Feverfew is an herb with anti-inflammatory properties. Research studies have yielded mixed verdicts as to its efficacy for migraines. Some clinical trials have suggested efficacy of the native herb or its extracts in preventing or aborting migraines, while others have yielded inconclusive results, perhaps due to variations in preparations tested.²⁰ However, a recent randomized, double-blind, multicenter, parallel-group study found that a fever few extract (6.25 mg TID) decreased migraine attacks by 40%, compared with a 27% reduction for placebo (P = .05).²¹

Nutritional Considerations

Nutritional approaches to migraine can be particularly attractive when treating pregnant women, where pharmacologic interventions are generally contraindicated.

Foods containing tyramine and other biogenic amines have long been suspected of triggering migraine. Although a review of randomized, double-blind, placebo-controlled studies failed to establish these as a cause of either headache or migraine,²² other studies (see below) indicate that dietary treatment may still be helpful for preventing migraine in certain individuals. Additional controlled clinical trials are required to firmly establish a role for diet in the causation or prevention of migraine; nevertheless, dietary treatment may be considered first as a low-cost, low-risk treatment before medication is used or in patients who either do not respond to or tolerate medication well.

Avoidance of foods found to trigger migraine can reduce or eliminate headache in approximately 20% to 50% of patients.^23,24 Foods commonly identified as migraine triggers include (in order of importance): dairy products (eg, cheese), chocolate, eggs, citrus fruits, meat, wheat, nuts and peanuts, tomatoes, onions, corn, apples, and bananas.²⁵ Tyramine- and phenylalanine-containing foods, such as aged cheese, beer, and red wine, have also been implicated in migraine.^24,25 Although evidence is limited, dietary treatment of pediatric migraine with an allergen-free diet was effective in over 90% of subjects.²⁶ Elimination of certain food additives, including MSG, aspartame, and sodium nitrate, may also be helpful.^27,28

To identify trigger foods, an elimination diet may be conducted on an outpatient basis if the patient can control his or her diet for several weeks.

The procedure is as follows: Start with a baseline diet including only those foods not implicated in migraine:

1. Brown rice.
2. Cooked or dried fruits, other than citrus fruits (cherries, cranberries, pears, prunes).
3. Cooked green, yellow, and orange vegetables (artichokes, asparagus, broccoli, chard, collards, lettuce, spinach, string beans, squash, sweet potatoes, tapioca, and taro).
4. Plain or carbonated water.
5. Condiments (modest amounts of salt, maple syrup, and vanilla extract).
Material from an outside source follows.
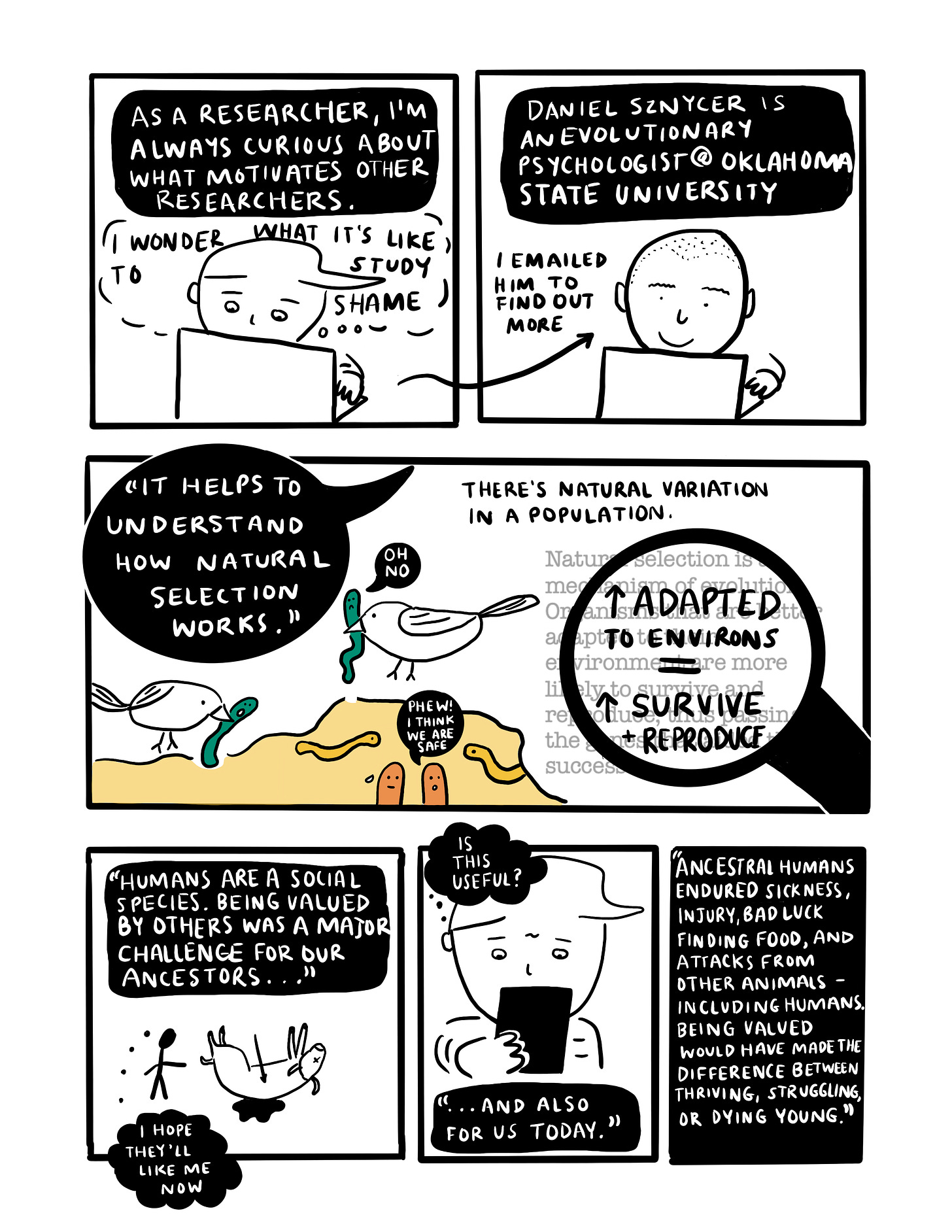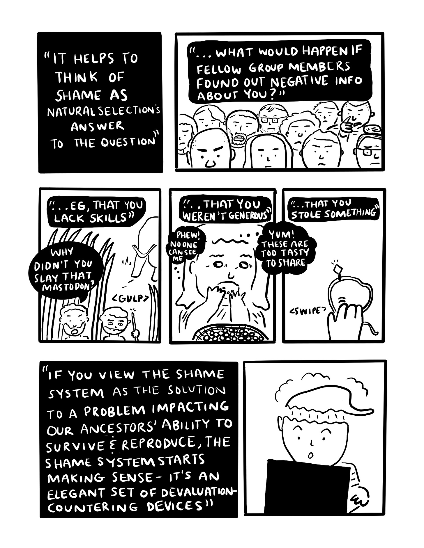 Yes! Shame is weirdly elegant. Wish I could post rough comic pages on shame from my project, "Meet Your Monkeys" here. I'm no scientist (I'm a former visual journalist who made tons of science infographics). Fun to compare notes!

Wean from caffeine-containing beverages gradually, or avoid caffeine if not habitually consumed.

When migraines have stopped or diminished (usually within a week or so), the patient should keep a food diary and add in foods one at a time in generous amounts every other day to observe which cause migraine recurrence.

Foods listed above that are the most common triggers of migraine attacks should be added last. If the food is associated with a migraine attack, it should be removed from the diet for 1 to 2 weeks and then reintroduced to see if the same reaction occurs. If no symptoms are experienced, that food can remain in the diet.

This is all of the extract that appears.